In quantum field theory, the interaction between two electrons that leads to their repulsion can be described using Feynman diagrams. One common representation of this interaction involves the exchange of a virtual photon between the electrons. However, it's important to note that the virtual photon is not a physical particle in the same sense as a real photon. Instead, it is a mathematical construct used to represent the underlying electromagnetic interaction between the electrons.
In Feynman diagrams, the vertical axis represents time, and the horizontal axis represents space. The electrons are represented by solid lines, and the exchange of the virtual photon is depicted by a wavy line connecting the two electron lines. The direction of the arrow on the virtual photon line indicates the direction of the interaction.
The presence of the virtual photon in the Feynman diagram arises from the application of quantum field theory and the rules for calculating particle interactions. According to these rules, the interaction between two charged particles, such as electrons, is mediated by the exchange of gauge bosons—in this case, the virtual photon, which is associated with the electromagnetic force.

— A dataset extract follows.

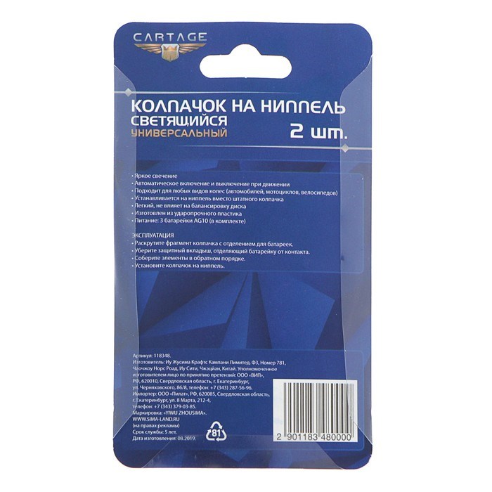 Светящийся колпачок на ниппель Cartage, микс, набор 2 шт

The virtual photon is a mathematical representation of the exchange of energy and momentum between the interacting electrons. It is a transient entity that does not exist as a measurable particle in the usual sense. Instead, it represents a disturbance or a fluctuation in the electromagnetic field that occurs during the interaction. The exchange of the virtual photon allows for the transfer of the electromagnetic force between the electrons, resulting in their repulsion.
In summary, the virtual photon in a Feynman diagram representing electron-electron repulsion is a mathematical representation of the exchange of energy and momentum associated with the electromagnetic interaction between the electrons. It is not a physically observable particle but a tool used in quantum field theory calculations to describe the underlying processes.